Denis, maybe I'm reading too much into this, but my posting a puzzle relying on uniqueness* in no way implies that I want you to use uniqueness on another puzzle. If you're not happy with the trick in Endor Fins, that's fine; there's no reason to make little jabs like this in other threads. I post a wide variety of puzzles, and not everyone is going to like every puzzle I post. ~shrug~ (FWIW, though, when I posted this elsewhere I explicitly challenged people to find a solution without uniqueness. But some people here have no issue using uniqueness, and I have no problem with people finding such solutions.

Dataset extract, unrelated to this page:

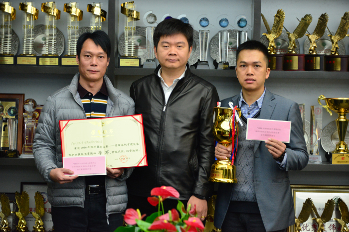 鑒于工程管理中心陳計明、郭勇剛等人在11月深裝協舉辦的“2016年深圳技能大賽暨首屆深圳市建筑裝飾職業技能競賽”決賽中憑借一流的表現與優秀的團隊配合,斬獲“團體季軍”及“個人三等獎(鑲貼工項目)”,為集團贏得了榮譽,用成績詮釋了建藝人精湛的工匠技藝與嚴謹務實工作作風。1月16日,建藝集團副總裁趙紂瑜代表集團,向陳計明、郭勇剛二人頒發獎金,以示鼓勵。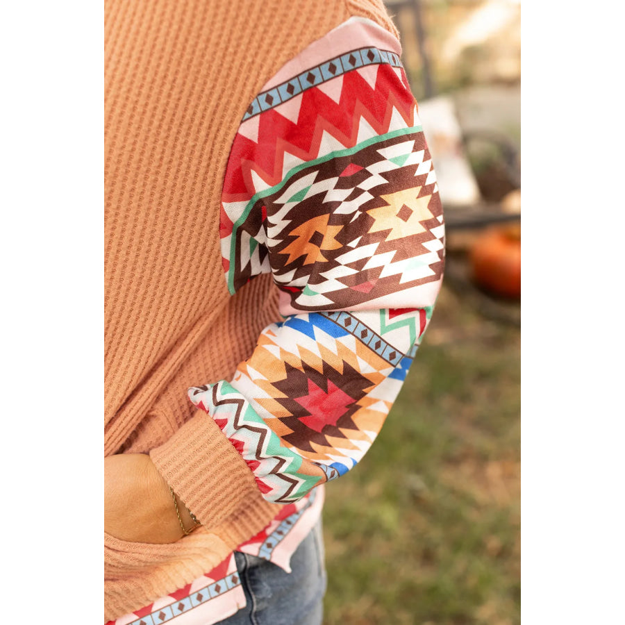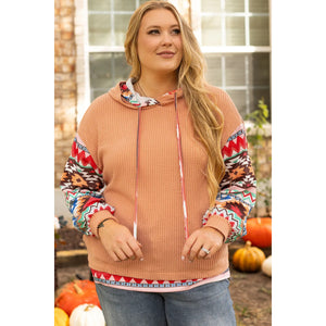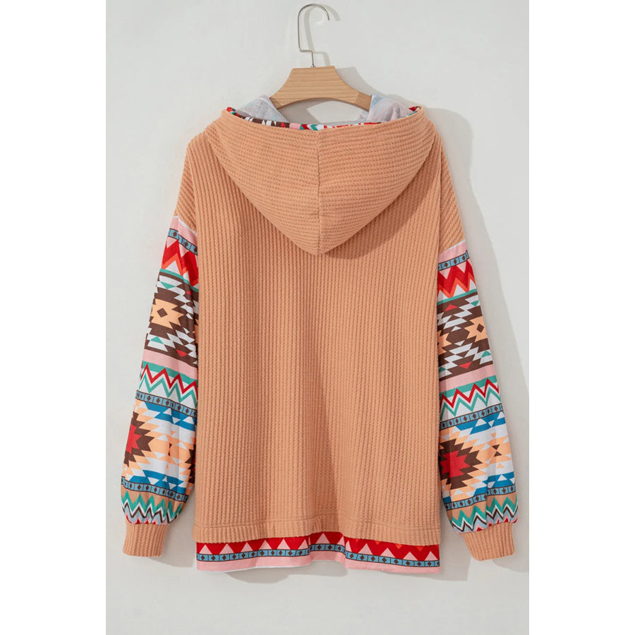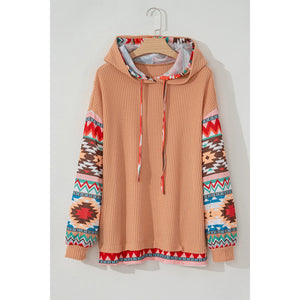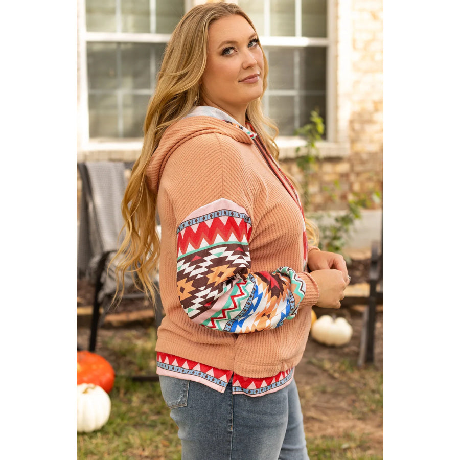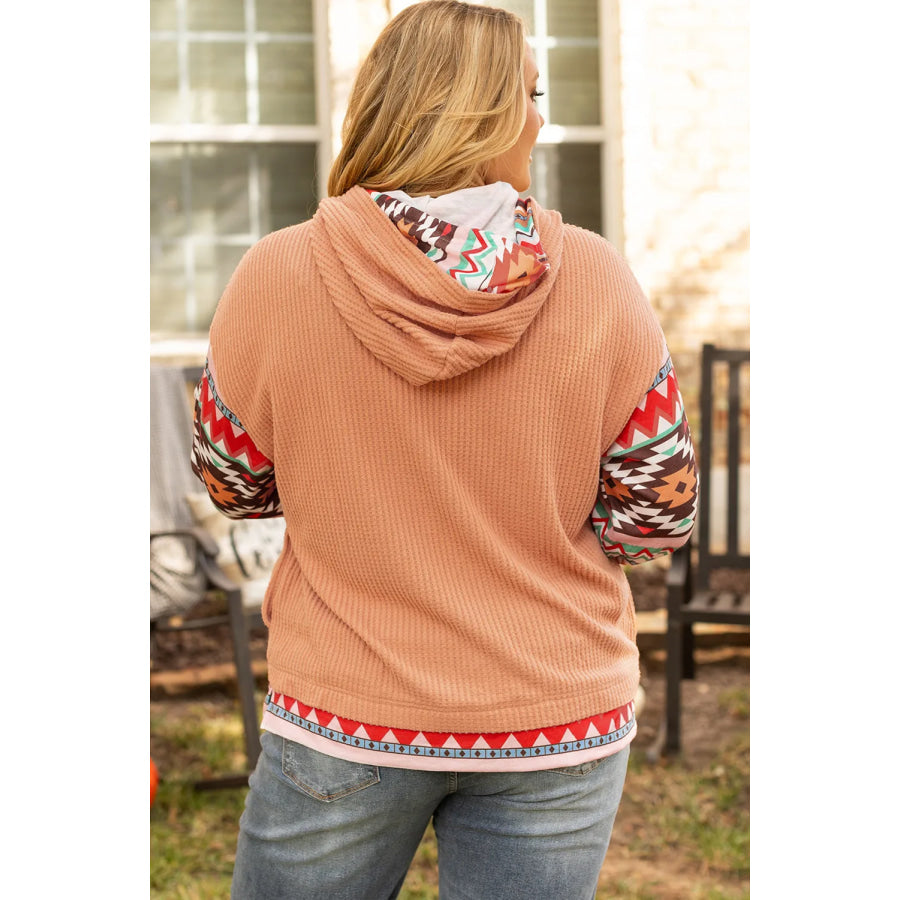 Plus Size Drawstring Geometric Long Sleeve Hoodie

The real treat in this puzzle for a manual solver, IMO, is the number of naked singles needed, thus the title.)

It's entirely possible you didn't mean this in a negative way, and I'm just being overly sensitive, so apologies in advance if that is the case.

*which I do not believe is the case in the Endor Fins puzzles, see that thread; I have certainly posted uniqueness puzzles in the past though, such as Thunderstorm.

[denis_berthier]

but I guess you want us to apply (e.g. to digits 368, block b6 and column c1) a trick based on uniqueness as in your EndorFin puzzle.

Denis, maybe I'm reading too much into this,

Nothing to add. My guess must have been wrong.